Head and hands: If there’s any one essential item that you need to stay warm, it is a balaclava. We lose so much heat from our heads and a balaclava will keep your forehead warm and save your ears from cold air which can cause the nastiest (trust me on this one) ear infections ever. This is just essential gear which will protect you from the coldest cold and the windiest wind making cold weather workouts not just bearable, but enjoyable too. You can usually find them for under 20$. For hands, don’t overthink it. Get some comfortable gloves that your hands are happy in.
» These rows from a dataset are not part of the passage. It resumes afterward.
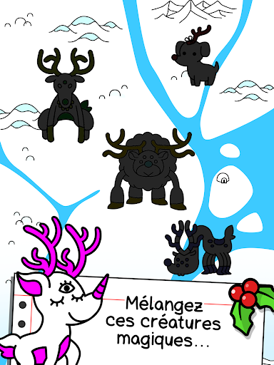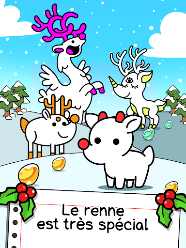 Vous voulez savoir comment obtenir des cadeaux de Noël illimités? Renne! Ces créatures magiques peuvent faire n\importe quel objet sembler instantanément aux objets de Noël. Exploitez cette compétence unique en combinant des rennes mutants et en créant de nouvelles races dont même le Père Noël lui-même n\a jamais entendu parler! Ensuite, il suffit d\utiliser leur pouvoir pour faire durer Noël toute l\année et obtenir tous les cadeaux que vous pourriez souhaiter! CARACTÉRISTIQUES DU RENNES Panthéon: un nouvel endroit pour les êtres suprêmes pour nous regarder mortels et rire de notre misère Impostors: méfiez-vous des “impostors” qui tentent de voler la vedette aux rennes. COMMENT JOUER Faites glisser et déposez des rennes similaires pour créer de nouvelles créatures mystérieuses Utilisez des œufs des rennes pour gagner des pièces, acheter de nouvelles créatures et gagner encore plus d\argent Alternativement, appuyez en enfoncant sur un éléphant pour gagner des pièces de monnaie à partir de leurs œufs POINTS FORTS Différentes étapes et de nombreuses races de rennes à découvrir Une histoire hallucinante avec des rebondissements sauvages! Le mélange inattendu d’un jeu de l\evolution et des jeux incrémentaux progressifs Illustrations de type gribouillage Jeu ouvert sans fin: savourez la liberté! Aucun renne n\a été blessé dans la réalisation de ce jeu, seuls les développeurs Une idée renniène, n’est-ce pas? Veuillez noter! Ce jeu se joue gratuitement mais contient certains articles pouvant être achetés avec de l\argent réel. Certaines fonctionnalités et suppléments mentionnés dans la description peuvent devoir être achetés avec de l\argent réel.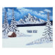 Ein Poster mit einer schönen Winterlandschaft inklusive schneebedeckter Berge, rustikaler Hütte und schneebedeckten Evergreens. Das Bild kann personalisiert sein. Sie haben auch die Möglichkeit, Text hinzuzufügen. Original-Kunstwerk von W.B.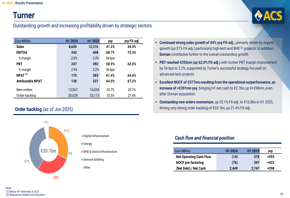 Turner emerged as the standout performer within ACS Group, with attributable net profit surging 64.0% (67.2% FX-adjusted) to €227 million. Sales increased by an impressive 41.2% to €12.2 billion, driven by significant growth in digital infrastructure projects, particularly data centers.

Can’t Handle the Cold? Exercise Indoors
Of course, exercising in the cold is not for everyone. You can sometimes use the cold to your advantage but if that’s really not an option for you, then it’s time to bring it indoors. It’s important to always see an alternative and not to give in to excuses or compromise when it comes to your overall health and keeping fit. The answer to “cold aversion” of course is to exercise at home or join a gym. There is so much competition in the gym/fitness class industry these days that if you’re in a metropolitan center, then you can usually find gym that is offering a no frills membership for around 100$ a year. This is all you need if you just need a place to go to run on a treadmill, ride an exercise bike or simply need a place to stretch on a gym mat in a positive environment. In fact, just getting out of the house and going to the gym can be a huge boost to your morale even if you stay for less than an hour.
An other alternative is to exercise at home. There are many, many ways to do this even if you don’t have the space for a home gym. Everyone should have a set of free weights or at the very least a pair of dumbells which don’t require much room at all. If you don’t like weights, you can also follow a HIIT workout or any of the thousands of yoga classes on YouTube which is something that we talk about quite a bit on this website. Anyone can crank out a class in less than 15 minutes and will get the added benefit of being able to vary your cardio, strength and core work at the swipe of a finger.
Feed Yourself: Food is Your Fuel
There are a lot of fad diets around and while some of them do show promising results when it comes to losing weight, they often walk a fine line when it comes to omitting certain items which we need for keep our energy levels up. If you are getting yourself outside in the winter to exercise, then you will need carbs regardless of what your no-carb diet tells you. Your body has an engine and it needs fuel, which it will burn rapidly in the cold. We’re not saying to go ahead and eat a pizza before hitting the frozen jogging trail, but consider that you need the fuel and the carbs to build heat and to stay warm. Think about oatmeal, energy bars or even some thick whole grain toast with honey prior to setting out for a run. And yes, bring a few energy bars with you in case you need a boost along the way.
It is completely possible to enjoy and succeed in working out during the winter months. You just need to be prepared: the right warm clothes, feed yourself properly and maintain a healthy perspective. Don’t push yourself if you don’t feel good as this can lead to injury. As well, cool down carefully if you generate a good sweat. Keep in mind that you may feel warm after an intense run but the cool air combined with your sweat can result in some nasty chills or at worst, a case of hypothermia. So play safe, stay fit, have fun!